PROVIDED MATERIAL >>
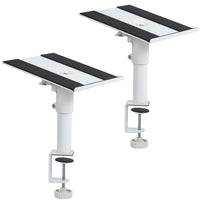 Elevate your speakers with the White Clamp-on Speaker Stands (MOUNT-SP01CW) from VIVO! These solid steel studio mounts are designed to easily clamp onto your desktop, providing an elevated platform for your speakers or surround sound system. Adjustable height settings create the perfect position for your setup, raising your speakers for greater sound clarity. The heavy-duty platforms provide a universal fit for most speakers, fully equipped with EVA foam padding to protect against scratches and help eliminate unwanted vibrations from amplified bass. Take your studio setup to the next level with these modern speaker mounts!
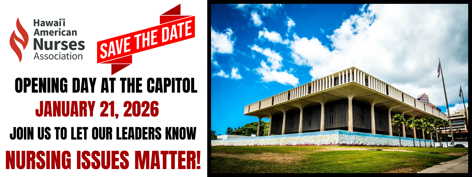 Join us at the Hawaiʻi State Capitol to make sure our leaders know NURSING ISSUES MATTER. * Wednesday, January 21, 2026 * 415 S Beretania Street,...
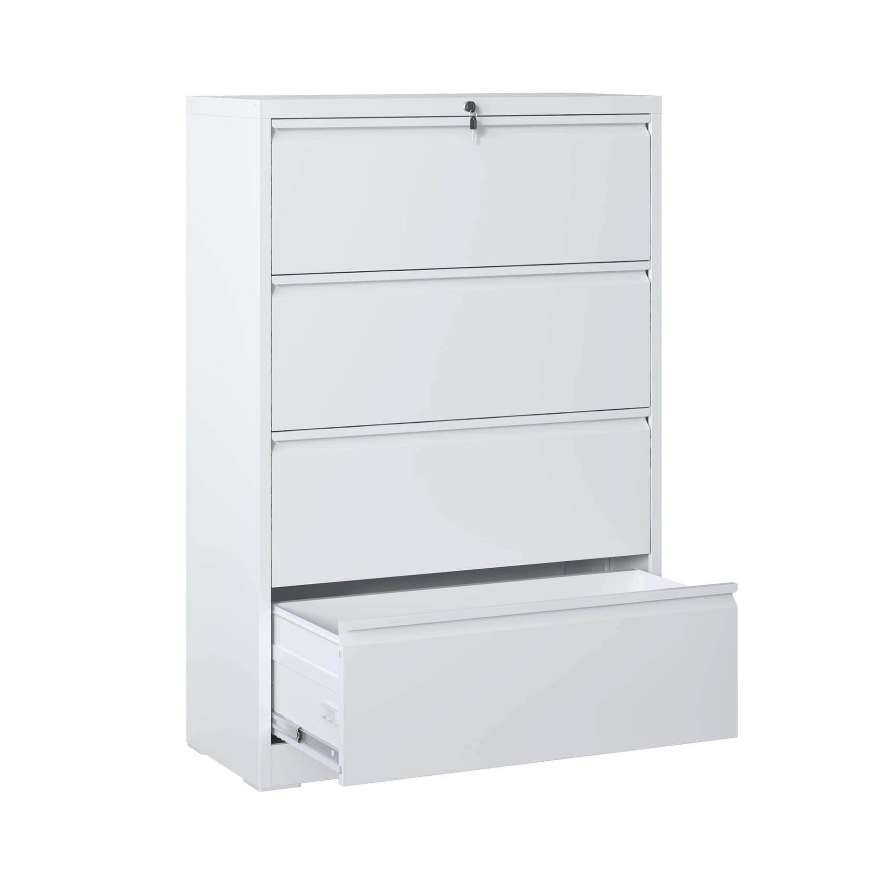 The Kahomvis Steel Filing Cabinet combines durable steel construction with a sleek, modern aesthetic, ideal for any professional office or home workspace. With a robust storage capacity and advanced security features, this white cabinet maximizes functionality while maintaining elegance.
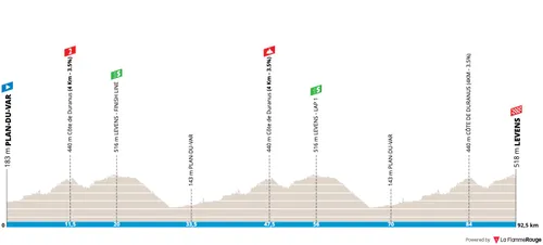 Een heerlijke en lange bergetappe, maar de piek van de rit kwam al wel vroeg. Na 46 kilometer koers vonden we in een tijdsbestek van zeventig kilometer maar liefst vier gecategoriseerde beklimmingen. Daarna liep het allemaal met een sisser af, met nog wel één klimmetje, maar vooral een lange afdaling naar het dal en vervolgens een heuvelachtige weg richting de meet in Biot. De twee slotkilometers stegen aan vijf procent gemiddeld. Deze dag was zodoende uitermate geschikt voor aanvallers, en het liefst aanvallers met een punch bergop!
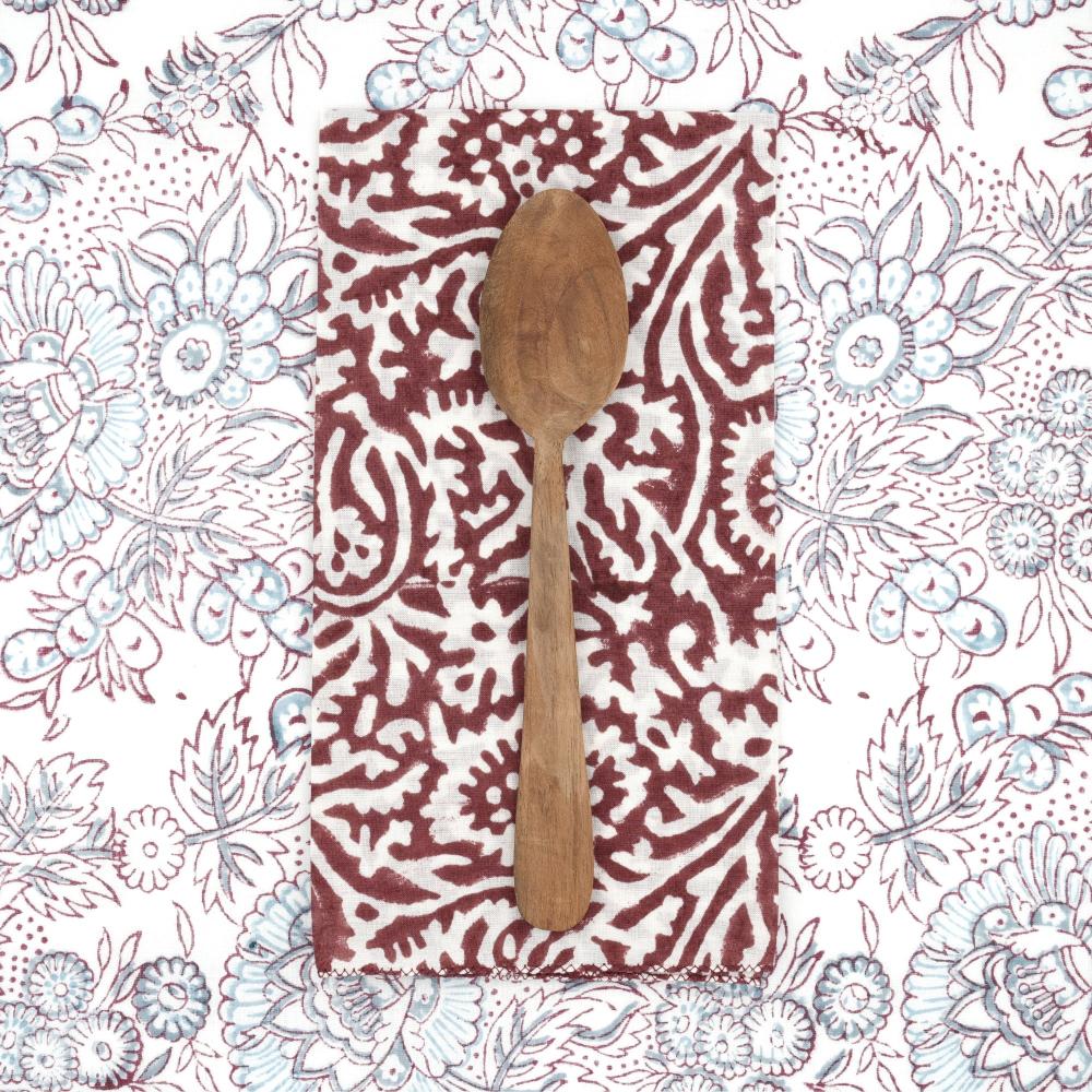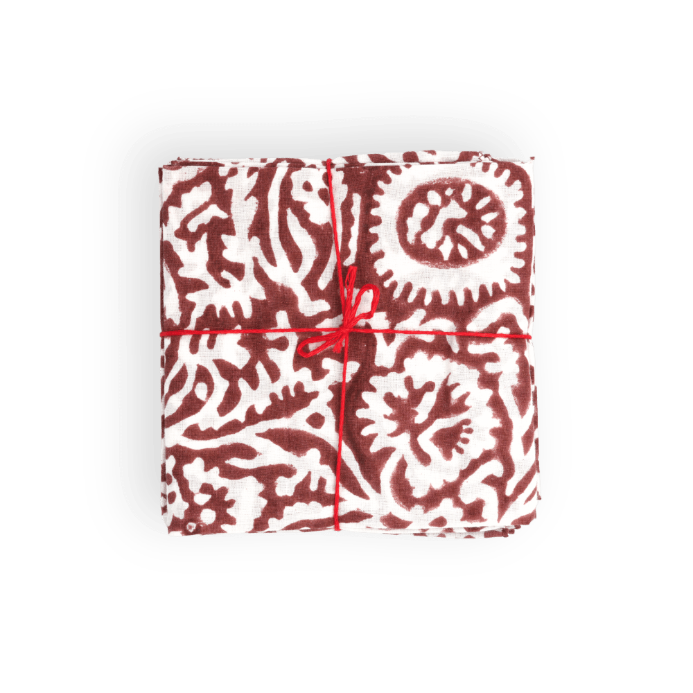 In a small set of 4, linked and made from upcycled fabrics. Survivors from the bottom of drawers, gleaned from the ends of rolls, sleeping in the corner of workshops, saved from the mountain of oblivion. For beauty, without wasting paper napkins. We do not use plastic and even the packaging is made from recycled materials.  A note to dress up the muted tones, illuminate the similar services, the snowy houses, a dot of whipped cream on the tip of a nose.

==

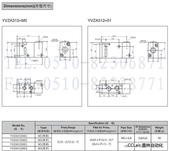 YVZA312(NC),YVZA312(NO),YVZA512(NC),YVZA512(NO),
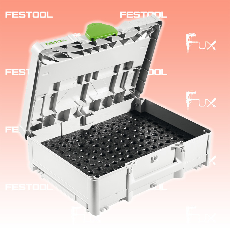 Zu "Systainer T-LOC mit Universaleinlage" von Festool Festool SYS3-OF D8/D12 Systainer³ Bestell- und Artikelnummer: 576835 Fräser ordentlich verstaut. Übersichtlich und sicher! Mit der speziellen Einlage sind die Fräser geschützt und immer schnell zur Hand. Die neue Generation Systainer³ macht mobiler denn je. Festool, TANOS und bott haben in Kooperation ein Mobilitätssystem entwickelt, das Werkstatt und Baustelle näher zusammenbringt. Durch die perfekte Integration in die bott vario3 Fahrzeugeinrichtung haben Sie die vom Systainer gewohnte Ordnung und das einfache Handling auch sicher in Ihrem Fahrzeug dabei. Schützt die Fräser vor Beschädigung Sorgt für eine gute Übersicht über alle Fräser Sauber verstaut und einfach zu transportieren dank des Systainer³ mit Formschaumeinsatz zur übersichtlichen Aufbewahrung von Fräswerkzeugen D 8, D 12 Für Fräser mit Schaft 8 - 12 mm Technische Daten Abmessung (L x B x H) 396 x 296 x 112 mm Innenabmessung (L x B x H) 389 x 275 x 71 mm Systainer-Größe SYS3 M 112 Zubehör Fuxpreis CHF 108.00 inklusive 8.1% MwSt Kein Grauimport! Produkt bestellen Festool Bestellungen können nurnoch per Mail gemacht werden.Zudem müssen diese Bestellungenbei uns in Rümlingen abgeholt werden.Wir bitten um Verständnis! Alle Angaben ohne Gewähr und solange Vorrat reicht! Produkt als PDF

ASSIGNMENT >> Above are the records; copy from them only the lines starting at the one containing "Join us at the" and ending at the one containing "The Kahomvis Steel", exactly and without pictures.

EXERCISE SOLUTION >>
 Join us at the Hawaiʻi State Capitol to make sure our leaders know NURSING ISSUES MATTER. * Wednesday, January 21, 2026 * 415 S Beretania Street,...
 The Kahomvis Steel Filing Cabinet combines durable steel construction with a sleek, modern aesthetic, ideal for any professional office or home workspace. With a robust storage capacity and advanced security features, this white cabinet maximizes functionality while maintaining elegance.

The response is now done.